最初幾年,他還牽掛著外面的世界,幻想著等他好了,就和嘉木、傑彬出去玩兒。媽媽也總是告訴他,快了,快了,很快就有藥了,只要小奇堅持下去,肯定會再站起來的。老師會幫他補課,嘉木和傑彬會和他一起做作業,周末可以出去踢球、游泳,參加比賽,還計劃暑假到美國游學。

漸漸地,嘉木和傑彬來看他的次數越來越少,他們去的地方玩的游戲越來越陌生,外面的世界好像突然冒出了很多新鮮有意思的東西,都是顧奇不知道的。本來最熟悉的好朋友,也變得沒什麽共同話題可聊了。他們長高了、變壯了,聲音也低沈了,顧奇感覺自己認不出來他們了。後來,他們就不來了。

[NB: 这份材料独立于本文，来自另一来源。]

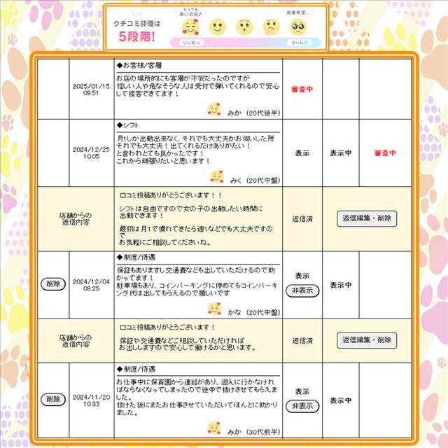 女の子からの口コミを大切に考え働く環境を改善していきます!

不知道過了多久,媽媽也不再提等他好了就怎麽樣怎麽樣了,他的活動範圍從輪椅轉移到了床上,朝南的落地玻璃窗透進來的陽光成了他和大自然的唯一鏈接。他也向媽媽要求過幾次,讓人推著他出去,每次都被人投來異樣的眼光,還有雖然聽不清楚但知道肯定不是什麽好話的猜測和議論。

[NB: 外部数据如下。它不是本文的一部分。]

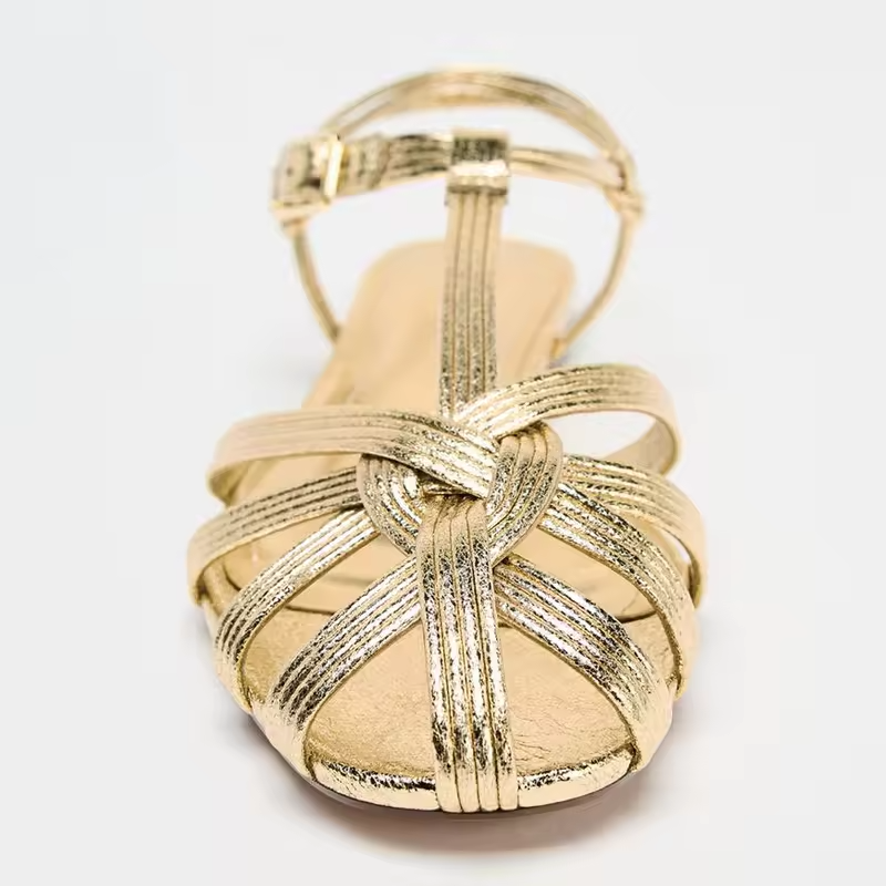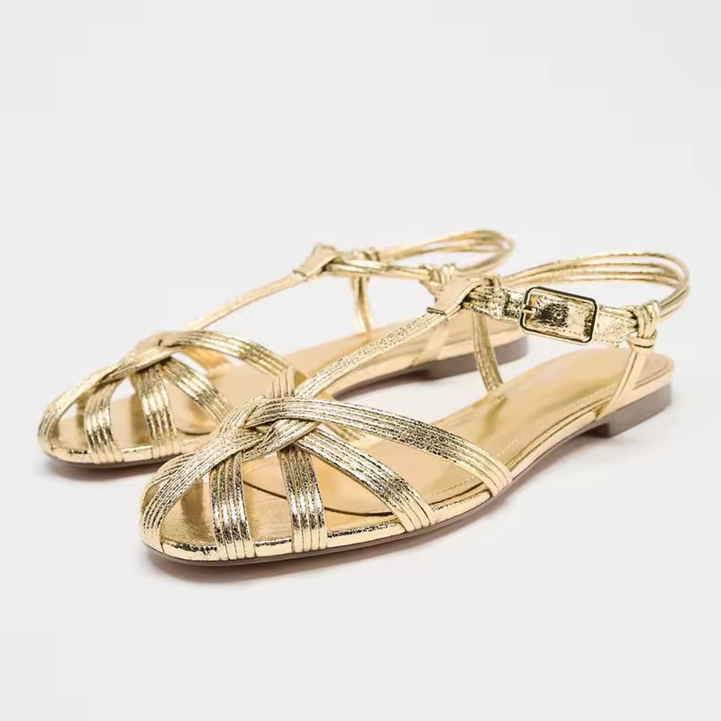 2025 Summer New Fashion Casual Gold Lightweight Platform Lace-up One Button Strap Women's Flat Sandals Beach Shoes

家裏的保姆來來回回,換了又換,越來越多,他也徹底起不來了。

每天撐開眼,他就盯著天花板,困了就閉上眼,醒來繼續盯著天花板。如果保姆幫他翻身活動,他就可以看到房間的不同角度,窗戶、櫃子、沙發,以及各種各樣支撐他活著的儀器設備,層層疊疊的管道和線路繞成一個籠子。漸漸地,籠子也變得越來越模糊了,成了一團朦朧混沌的影子,搖晃得他頭暈。

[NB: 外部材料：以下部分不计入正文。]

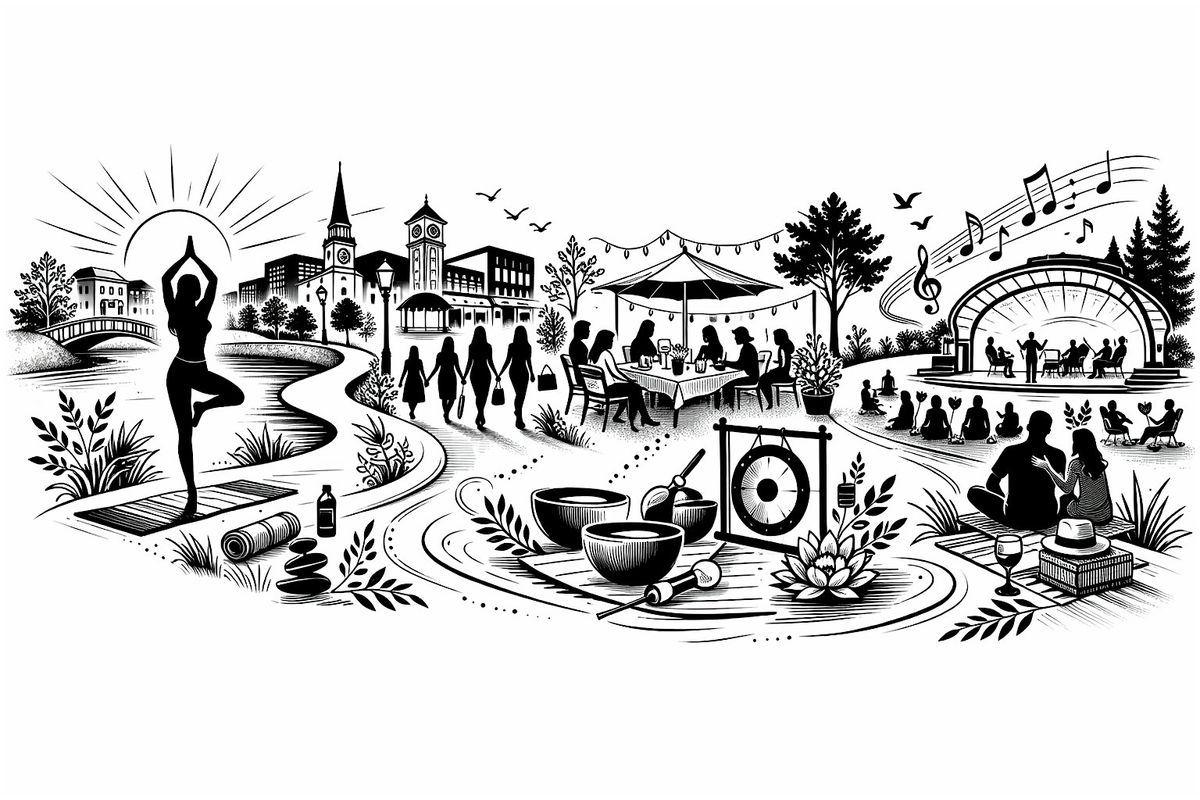The Downtown Wheaton Summer Wellness Retreat is an afternoon immersion designed to invite presence, connection, and seasonal renewal in the heart of the community. Set within the walkable rhythm of downtown Wheaton, this retreat blends mindful movement, reflective practice, nourishing community time, and sound-based relaxation to create a complete day of integration and restoration.

現在,世界也安靜了。以前,每次有人探望,他都想把耳朵塞起來,不聽那些同情、憐憫或者安慰的聲音。不知道從什麽時候開始,這些聲音越來越微弱,連嗡嗡嗡的噪動也消失了。顧奇發現,他應該是聾了。他比媽媽妹妹還有家裏的保姆們,都更早知道自己聽不到了。

這些都是他記得的,還有很多事情,他已經記不得了。

癱瘓、失明、耳聾,吞咽困難,記憶衰退,意識不清,如果這是全部,就好了。偏偏,他的神經系統還在運轉,痛、麻、僵,以及各種各樣不知道怎麽形容的難受,好像一只巨大的蜘蛛或者蜈蚣或者螞蟻爬遍全身,啃噬著他殘存的活下去的意志。

顧奇難受,很難受。

他張不開嘴,從嗓子眼兒裏掙紮著吼出來:“呃——呃——”

顧盼推門進來,坐到床邊的凳子上,握住顧奇的手:“哥……”

“呃——呃——”

顧盼知道哥哥聽不到,或者可以聽到一點兒,具體能聽到多少她也不清楚,但還是要說話。她湊近顧奇耳朵,大聲喊道:“哥,你難受就喊出來,我在旁邊,放心……”

“呃——呃——”

顧奇吼著,全身上下只有喉嚨在動。除了吼,他什麽也做不了。

顧盼不知道他怎麽了:“哥,你哪裏難受?”

問完之後才發現自己蠢,他聽不到,也說不出,而且肯定是哪裏都難受。

照顧顧奇的護工也聽到了響動,推門進來:“你哥最近經常吼……”

“是不是哪裏有問題?惡化了?”

這個護工是有醫學護理知識背景的,專門照顧重病患者,一些基本情況可以及時判斷。

“不一定,可能就是不舒服……”

顧奇以前也吼,但是頻率不像現在這麽高,可能按年或者按月來統計。最近,他時不時地就吼,一個禮拜已經兩三次了。

“怎麽辦?要不要去醫院?”

“去醫院肯定比在家裏保險,不過,他現在的情況,醫院不一定會收,而且……去了也意義不大……”

護工說的是實話,顧盼知道。

這些年來,她和張綰青的生活軌跡已經固定了,固定地按照讓顧奇活下去的方式安排一切。現在,顧奇眼看著一天不如一天,突發情況越來越多,搶救次數也越來越多,有時候,搶救之前和之後,人的狀態其實差不多,最大的區別是各種檢查化驗指標和監測儀器提示。仿佛搶救的不是顧奇,而是一堆數據和圖譜。

“呆在家裏,萬一……”

顧盼住嘴,轉身回到張綰青房間商量。

張綰青沈默了一會兒,沒有回答關於顧奇的問題,反而囑咐顧盼:“將來如果我也這樣兒了,千萬別救我,幫我申請安樂死……”

“媽,醫生說你不會這樣兒的。”

“萬一呢?”

“沒有萬一。”

“說不定過兩天就有藥了……”

張綰青笑得勉強:“你做夢呢?”

顧盼生氣:“這幾年多少款罕見病藥物上市了?亨廷頓、杜氏、視神經脊髓炎……為什麽我們就是在做夢?”

“期待越高,失望越大。”

顧盼不愛聽:“那你也不能天天說喪氣話!”

張綰青的嘴巴倒是不影響說話,懟起人來還是很帶勁兒:“怎麽?天天做夢,就能有藥了?”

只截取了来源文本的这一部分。